**Information provided:**

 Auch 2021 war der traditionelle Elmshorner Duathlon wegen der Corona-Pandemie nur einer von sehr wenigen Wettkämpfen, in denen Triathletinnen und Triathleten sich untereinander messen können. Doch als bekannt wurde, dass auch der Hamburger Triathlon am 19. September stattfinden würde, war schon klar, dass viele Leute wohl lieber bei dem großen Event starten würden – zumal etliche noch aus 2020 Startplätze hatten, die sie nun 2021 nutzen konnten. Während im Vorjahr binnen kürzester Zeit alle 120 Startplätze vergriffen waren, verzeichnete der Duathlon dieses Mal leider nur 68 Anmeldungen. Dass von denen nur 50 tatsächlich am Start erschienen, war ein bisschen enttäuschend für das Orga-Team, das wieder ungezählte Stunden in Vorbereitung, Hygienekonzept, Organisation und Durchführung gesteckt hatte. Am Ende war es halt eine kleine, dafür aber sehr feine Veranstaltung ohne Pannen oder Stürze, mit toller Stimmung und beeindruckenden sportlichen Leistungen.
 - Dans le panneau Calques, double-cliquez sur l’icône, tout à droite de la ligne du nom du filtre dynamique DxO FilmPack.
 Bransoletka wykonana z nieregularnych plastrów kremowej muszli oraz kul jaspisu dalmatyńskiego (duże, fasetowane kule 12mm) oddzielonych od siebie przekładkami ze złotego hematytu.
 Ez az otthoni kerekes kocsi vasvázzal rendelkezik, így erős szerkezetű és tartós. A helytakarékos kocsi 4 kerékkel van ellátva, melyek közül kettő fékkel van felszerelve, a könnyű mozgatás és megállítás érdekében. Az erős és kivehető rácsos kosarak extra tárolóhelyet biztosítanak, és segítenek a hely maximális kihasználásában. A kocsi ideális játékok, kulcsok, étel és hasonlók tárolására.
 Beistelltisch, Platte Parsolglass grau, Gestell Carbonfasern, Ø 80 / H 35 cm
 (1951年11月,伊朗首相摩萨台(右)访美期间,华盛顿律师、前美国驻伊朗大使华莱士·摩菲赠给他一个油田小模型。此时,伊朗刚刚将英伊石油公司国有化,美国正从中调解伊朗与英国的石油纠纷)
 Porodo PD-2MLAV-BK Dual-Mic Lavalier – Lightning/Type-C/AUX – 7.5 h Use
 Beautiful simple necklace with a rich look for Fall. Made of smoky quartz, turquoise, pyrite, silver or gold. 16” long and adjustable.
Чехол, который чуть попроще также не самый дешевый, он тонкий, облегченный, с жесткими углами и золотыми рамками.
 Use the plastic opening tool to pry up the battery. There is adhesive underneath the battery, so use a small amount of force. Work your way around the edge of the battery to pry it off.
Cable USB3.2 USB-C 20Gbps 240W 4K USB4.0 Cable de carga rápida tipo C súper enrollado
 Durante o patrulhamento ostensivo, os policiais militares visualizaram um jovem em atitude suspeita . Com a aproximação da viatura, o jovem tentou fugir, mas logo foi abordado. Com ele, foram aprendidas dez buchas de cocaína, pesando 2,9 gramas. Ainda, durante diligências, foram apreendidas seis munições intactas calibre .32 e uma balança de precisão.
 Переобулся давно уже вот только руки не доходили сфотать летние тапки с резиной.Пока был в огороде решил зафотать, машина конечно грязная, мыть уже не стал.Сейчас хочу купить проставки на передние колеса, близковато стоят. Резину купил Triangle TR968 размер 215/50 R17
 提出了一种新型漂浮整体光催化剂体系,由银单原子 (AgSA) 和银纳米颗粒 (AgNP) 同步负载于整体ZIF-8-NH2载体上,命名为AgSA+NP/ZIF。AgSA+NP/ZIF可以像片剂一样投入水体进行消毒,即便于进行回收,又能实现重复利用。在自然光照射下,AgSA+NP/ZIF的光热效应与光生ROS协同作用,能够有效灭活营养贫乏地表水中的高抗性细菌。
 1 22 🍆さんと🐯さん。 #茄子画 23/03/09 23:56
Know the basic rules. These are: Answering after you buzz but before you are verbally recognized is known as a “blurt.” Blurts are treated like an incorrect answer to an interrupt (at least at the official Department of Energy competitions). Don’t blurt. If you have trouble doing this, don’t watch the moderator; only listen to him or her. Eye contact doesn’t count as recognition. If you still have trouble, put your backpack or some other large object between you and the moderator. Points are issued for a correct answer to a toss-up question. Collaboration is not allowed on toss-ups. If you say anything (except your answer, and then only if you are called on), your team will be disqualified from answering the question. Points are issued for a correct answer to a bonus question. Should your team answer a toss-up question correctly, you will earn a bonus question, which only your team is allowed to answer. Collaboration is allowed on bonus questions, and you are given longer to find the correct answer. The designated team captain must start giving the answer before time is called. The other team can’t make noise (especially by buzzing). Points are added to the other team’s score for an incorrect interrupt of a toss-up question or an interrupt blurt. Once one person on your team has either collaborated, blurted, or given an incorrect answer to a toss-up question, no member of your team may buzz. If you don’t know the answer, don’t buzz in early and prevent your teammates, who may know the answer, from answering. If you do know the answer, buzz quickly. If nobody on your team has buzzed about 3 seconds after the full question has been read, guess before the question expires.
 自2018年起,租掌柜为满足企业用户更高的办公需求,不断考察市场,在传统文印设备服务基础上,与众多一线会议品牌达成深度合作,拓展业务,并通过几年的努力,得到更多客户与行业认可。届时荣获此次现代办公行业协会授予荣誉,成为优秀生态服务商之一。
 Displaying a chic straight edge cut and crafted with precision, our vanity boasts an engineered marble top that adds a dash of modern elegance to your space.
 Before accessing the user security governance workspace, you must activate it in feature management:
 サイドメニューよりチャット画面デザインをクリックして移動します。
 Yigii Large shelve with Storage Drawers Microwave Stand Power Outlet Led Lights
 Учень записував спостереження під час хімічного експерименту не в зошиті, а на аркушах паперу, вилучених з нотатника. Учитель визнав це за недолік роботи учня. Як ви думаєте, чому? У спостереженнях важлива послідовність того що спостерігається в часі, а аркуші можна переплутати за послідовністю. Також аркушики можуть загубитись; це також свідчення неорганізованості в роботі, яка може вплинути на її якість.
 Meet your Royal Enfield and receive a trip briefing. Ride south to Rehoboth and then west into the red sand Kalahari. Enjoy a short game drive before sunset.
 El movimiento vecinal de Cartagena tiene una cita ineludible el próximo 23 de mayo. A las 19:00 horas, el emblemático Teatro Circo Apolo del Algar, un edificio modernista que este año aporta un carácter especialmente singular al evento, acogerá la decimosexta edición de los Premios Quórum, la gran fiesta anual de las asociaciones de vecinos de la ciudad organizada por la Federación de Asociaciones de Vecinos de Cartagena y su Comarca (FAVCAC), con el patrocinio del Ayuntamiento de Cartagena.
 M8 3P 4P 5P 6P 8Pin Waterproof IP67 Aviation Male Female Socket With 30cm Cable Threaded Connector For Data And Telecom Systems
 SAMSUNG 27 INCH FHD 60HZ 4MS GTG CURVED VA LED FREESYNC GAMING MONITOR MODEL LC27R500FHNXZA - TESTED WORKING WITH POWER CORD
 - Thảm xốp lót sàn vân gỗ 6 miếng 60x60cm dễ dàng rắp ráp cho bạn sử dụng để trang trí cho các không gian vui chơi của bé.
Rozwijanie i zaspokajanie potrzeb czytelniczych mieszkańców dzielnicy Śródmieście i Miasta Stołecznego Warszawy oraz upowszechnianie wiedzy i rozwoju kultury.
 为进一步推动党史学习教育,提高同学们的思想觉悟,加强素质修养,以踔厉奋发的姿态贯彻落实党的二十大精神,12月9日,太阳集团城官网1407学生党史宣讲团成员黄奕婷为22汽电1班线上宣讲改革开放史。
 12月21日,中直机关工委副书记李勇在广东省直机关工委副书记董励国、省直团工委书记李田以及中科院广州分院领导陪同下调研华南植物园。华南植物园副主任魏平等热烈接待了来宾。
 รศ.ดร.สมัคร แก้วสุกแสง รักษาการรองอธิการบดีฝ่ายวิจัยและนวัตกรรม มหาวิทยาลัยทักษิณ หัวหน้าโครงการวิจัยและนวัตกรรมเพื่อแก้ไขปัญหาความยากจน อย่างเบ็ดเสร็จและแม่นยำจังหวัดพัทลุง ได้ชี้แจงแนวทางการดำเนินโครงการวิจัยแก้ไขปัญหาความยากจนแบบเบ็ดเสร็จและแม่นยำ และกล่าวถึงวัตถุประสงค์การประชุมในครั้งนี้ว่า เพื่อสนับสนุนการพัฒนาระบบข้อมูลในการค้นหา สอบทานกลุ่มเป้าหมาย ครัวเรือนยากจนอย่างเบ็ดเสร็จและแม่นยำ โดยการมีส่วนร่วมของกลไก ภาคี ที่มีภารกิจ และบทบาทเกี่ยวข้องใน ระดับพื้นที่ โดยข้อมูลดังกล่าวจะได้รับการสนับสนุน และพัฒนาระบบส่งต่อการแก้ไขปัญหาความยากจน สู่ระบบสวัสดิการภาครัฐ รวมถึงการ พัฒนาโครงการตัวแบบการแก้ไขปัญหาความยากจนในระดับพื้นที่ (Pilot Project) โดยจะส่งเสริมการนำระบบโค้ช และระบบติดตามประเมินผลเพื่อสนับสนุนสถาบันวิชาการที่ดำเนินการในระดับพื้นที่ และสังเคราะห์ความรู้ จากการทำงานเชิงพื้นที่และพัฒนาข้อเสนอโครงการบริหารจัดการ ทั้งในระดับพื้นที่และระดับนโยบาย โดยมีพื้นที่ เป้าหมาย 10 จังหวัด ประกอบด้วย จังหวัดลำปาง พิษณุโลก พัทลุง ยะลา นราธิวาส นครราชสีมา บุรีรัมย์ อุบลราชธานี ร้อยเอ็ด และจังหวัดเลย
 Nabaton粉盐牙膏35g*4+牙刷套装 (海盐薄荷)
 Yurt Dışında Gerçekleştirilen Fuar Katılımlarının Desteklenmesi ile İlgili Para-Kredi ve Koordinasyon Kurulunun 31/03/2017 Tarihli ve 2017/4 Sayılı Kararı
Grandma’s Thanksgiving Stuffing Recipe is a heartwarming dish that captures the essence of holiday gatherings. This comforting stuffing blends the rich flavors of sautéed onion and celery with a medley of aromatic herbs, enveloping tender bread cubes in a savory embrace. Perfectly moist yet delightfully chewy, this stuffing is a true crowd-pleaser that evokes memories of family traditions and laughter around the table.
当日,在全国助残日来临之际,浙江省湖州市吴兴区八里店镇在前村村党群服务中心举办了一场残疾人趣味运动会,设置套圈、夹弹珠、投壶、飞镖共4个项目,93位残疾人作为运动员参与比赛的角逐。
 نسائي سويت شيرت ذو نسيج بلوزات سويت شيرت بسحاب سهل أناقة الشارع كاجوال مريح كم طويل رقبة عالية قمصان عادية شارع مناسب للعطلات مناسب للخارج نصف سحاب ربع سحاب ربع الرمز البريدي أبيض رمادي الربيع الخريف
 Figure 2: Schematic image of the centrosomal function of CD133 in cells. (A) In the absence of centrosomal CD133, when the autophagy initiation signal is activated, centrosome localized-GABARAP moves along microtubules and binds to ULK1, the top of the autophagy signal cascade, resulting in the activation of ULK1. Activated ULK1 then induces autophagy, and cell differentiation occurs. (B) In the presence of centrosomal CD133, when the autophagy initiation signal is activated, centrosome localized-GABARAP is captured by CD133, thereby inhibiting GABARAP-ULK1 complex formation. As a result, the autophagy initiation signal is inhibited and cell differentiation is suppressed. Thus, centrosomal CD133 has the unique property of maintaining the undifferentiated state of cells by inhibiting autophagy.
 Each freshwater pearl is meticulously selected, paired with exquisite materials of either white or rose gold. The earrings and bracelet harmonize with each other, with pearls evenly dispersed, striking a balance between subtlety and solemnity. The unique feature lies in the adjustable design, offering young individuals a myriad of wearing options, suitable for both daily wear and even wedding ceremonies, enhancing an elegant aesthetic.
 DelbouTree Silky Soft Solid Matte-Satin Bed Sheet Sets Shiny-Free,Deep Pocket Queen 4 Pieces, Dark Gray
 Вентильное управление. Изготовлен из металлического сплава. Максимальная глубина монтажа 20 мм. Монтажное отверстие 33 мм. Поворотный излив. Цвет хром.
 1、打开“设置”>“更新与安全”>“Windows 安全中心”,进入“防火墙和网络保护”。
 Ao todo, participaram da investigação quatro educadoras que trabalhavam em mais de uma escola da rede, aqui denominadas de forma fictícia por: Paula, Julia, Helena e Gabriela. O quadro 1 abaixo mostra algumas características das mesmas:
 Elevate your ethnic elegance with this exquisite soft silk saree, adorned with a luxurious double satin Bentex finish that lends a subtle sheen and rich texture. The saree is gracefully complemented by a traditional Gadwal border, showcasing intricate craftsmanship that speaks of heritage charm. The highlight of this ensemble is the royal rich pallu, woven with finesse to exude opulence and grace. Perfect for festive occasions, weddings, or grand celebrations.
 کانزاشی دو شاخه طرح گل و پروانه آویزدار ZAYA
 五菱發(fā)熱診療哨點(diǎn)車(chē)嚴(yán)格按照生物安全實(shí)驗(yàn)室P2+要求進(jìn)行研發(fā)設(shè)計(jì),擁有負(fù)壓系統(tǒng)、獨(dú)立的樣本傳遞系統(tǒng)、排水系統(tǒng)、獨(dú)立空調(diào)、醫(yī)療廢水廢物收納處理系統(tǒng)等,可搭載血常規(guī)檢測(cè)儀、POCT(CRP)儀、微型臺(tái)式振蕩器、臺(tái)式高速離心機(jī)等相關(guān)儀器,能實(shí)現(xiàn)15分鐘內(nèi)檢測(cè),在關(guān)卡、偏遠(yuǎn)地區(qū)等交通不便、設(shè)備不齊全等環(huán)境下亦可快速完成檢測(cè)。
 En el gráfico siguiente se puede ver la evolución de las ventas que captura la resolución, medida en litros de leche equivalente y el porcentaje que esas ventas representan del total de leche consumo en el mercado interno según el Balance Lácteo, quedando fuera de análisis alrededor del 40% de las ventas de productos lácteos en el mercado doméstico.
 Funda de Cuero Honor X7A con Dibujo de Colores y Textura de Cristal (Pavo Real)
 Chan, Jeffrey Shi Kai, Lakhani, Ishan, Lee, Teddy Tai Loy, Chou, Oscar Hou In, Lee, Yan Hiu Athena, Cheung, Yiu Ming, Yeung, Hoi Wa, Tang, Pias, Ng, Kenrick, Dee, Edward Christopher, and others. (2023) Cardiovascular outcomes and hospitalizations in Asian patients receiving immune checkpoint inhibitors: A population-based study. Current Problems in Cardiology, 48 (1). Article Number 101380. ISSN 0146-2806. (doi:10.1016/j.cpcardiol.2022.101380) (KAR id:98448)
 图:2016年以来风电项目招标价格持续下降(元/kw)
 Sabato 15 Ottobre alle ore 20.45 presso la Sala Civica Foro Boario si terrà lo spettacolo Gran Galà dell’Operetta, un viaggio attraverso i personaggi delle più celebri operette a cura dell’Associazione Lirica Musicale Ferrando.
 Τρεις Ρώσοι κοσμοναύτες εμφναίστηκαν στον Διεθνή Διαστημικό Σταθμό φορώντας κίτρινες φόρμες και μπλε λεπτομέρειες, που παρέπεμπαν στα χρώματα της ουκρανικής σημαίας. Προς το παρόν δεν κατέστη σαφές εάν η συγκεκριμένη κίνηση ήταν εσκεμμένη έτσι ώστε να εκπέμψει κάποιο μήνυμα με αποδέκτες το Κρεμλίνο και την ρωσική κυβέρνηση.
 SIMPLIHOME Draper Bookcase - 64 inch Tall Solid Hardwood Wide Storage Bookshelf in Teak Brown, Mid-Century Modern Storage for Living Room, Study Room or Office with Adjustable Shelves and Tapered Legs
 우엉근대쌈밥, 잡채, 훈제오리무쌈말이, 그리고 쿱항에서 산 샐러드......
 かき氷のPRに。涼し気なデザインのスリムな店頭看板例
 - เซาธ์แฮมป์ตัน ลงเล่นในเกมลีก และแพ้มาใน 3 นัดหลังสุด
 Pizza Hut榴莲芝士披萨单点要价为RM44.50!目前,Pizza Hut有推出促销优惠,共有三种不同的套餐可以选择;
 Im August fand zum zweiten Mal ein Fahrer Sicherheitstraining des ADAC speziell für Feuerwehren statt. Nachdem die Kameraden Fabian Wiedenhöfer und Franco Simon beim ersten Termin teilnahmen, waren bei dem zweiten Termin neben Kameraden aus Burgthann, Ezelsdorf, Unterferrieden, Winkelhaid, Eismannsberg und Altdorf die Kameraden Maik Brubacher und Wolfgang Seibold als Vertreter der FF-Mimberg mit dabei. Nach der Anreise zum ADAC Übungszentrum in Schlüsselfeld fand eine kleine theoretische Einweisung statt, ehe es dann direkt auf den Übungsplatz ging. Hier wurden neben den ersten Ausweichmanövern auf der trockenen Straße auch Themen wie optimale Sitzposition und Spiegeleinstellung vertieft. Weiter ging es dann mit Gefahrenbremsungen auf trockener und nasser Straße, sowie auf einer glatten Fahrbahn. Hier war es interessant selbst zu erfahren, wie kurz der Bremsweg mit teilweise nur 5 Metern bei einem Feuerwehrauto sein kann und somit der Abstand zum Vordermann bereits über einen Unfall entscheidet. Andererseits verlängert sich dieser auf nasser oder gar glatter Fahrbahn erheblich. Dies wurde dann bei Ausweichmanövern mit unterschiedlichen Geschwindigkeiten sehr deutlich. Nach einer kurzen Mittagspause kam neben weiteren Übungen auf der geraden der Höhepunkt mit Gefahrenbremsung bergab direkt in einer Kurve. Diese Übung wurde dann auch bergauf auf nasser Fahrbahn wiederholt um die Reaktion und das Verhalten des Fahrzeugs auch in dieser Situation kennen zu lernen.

**What is needed:** Set down each line exactly as it appears, starting at the top of the data and ending at the line containing "Bransoletka wykonana z", and include no other lines.

**Response to the exercise:**
 Auch 2021 war der traditionelle Elmshorner Duathlon wegen der Corona-Pandemie nur einer von sehr wenigen Wettkämpfen, in denen Triathletinnen und Triathleten sich untereinander messen können. Doch als bekannt wurde, dass auch der Hamburger Triathlon am 19. September stattfinden würde, war schon klar, dass viele Leute wohl lieber bei dem großen Event starten würden – zumal etliche noch aus 2020 Startplätze hatten, die sie nun 2021 nutzen konnten. Während im Vorjahr binnen kürzester Zeit alle 120 Startplätze vergriffen waren, verzeichnete der Duathlon dieses Mal leider nur 68 Anmeldungen. Dass von denen nur 50 tatsächlich am Start erschienen, war ein bisschen enttäuschend für das Orga-Team, das wieder ungezählte Stunden in Vorbereitung, Hygienekonzept, Organisation und Durchführung gesteckt hatte. Am Ende war es halt eine kleine, dafür aber sehr feine Veranstaltung ohne Pannen oder Stürze, mit toller Stimmung und beeindruckenden sportlichen Leistungen.
 - Dans le panneau Calques, double-cliquez sur l’icône, tout à droite de la ligne du nom du filtre dynamique DxO FilmPack.
 Bransoletka wykonana z nieregularnych plastrów kremowej muszli oraz kul jaspisu dalmatyńskiego (duże, fasetowane kule 12mm) oddzielonych od siebie przekładkami ze złotego hematytu.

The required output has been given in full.